A timing diagram for this boot sequence is shown at the end of steps 1) – 5).
See Coral NPU custom CSRs for reference specifications for the register fields.
1) The instruction memory of Coral NPU must be initialized:
Sample code
volatile uint8_t* coralnpu_itcm = (uint8_t*)0x00000000L;
for (int i = 0; i < coralnpu_binary_len; ++i) {
coralnpu_itcm[i] = coralnpu_binary[i];
}
or
Sample code
volatile uint8_t* coralnpu_itcm = (uint8_t*)0x00000000L;
memcpy(coralnpu_itcm, coralnpu_binary, coralnpu_binary_len);
If something like a DMA engine is present in your system, that is probably a
better option for initializing the ITCM.
2) Program the start PC value.
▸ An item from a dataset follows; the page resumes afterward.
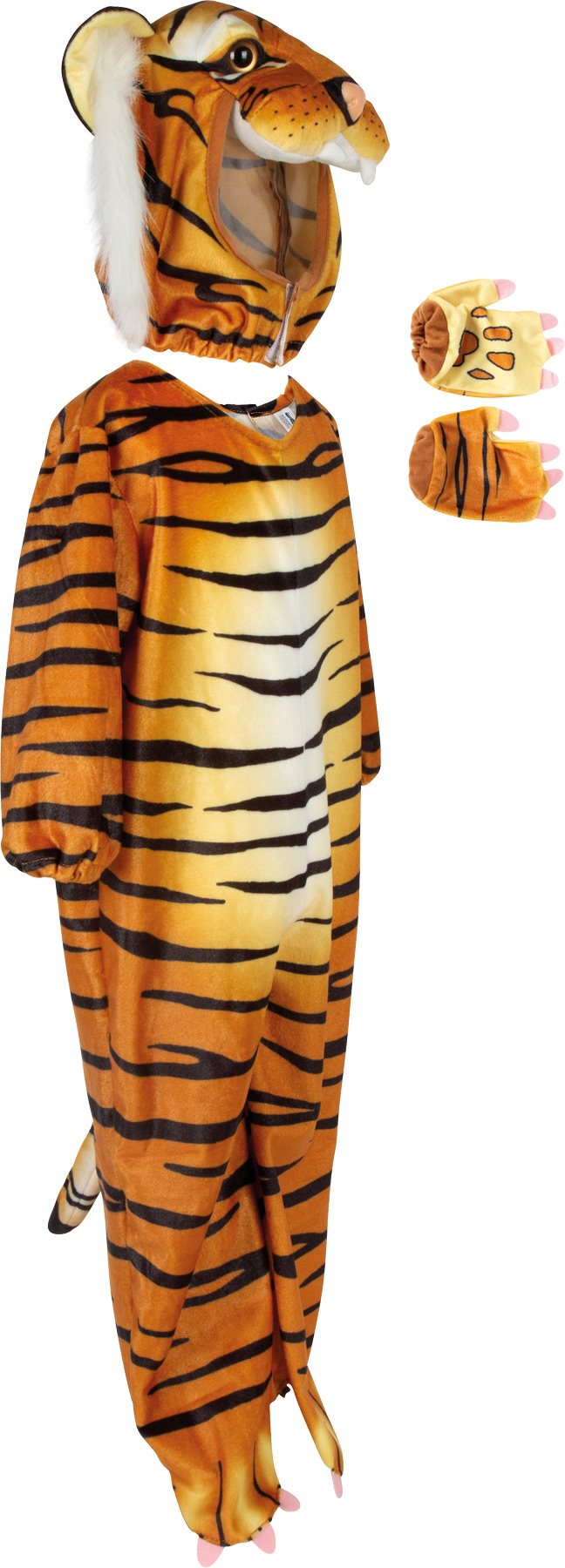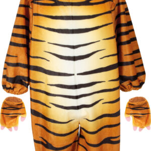 Pehmeästä kankaasta tehty tiikeriasu muuttaa lapsen hetkessä viidakon kuninkaaksi. Realistinen raidallinen kuosi, tassuhanskat ja joustoresorit hihoissa takaavat mukavan istuvuuden ja näyttävän lookin. Sopii naamiaisiin, päiväkodin juhliin tai ihan vain leikistä leikkiin – rooliasu rohkaisee mielikuvitusta ja liikkumisen iloa.

If your program is linked such that the starting address is 0, you may skip this.
Sample code
volatile uint32_t* coralnpu_pc_csr = (uint32_t*)0x00030004L;
*coralnpu_pc_csr = start_addr;
3) Release clock gate
Sample code
volatile uint32_t* coralnpu_reset_csr = (uint32_t*)0x00030000L;
*coralnpu_reset_csr = 1;
After this, be sure to wait a cycle to allow Coral‘s reset to occur. If you want to configure something like an interrupt that is connected to Coral’s fault or halted outputs, this is a good time.
4) Release reset
Sample code
volatile uint32_t* coralnpu_reset_csr = (uint32_t*)0x00030000L;
*coralnpu_reset_csr = 0;
At this point, Coral NPU will begin executing at the PC value programmed in step 2.
5) Monitor for io_halted. The status of Coral's execution can be checked by
reading the status CSR:
Sample code
volatile uint32_t* coralnpu_status_csr = (uint32_t*)0x00030008L;
uint32_t status = *coralnpu_status_csr;
bool halted = status & 1;
bool fault = status & 2;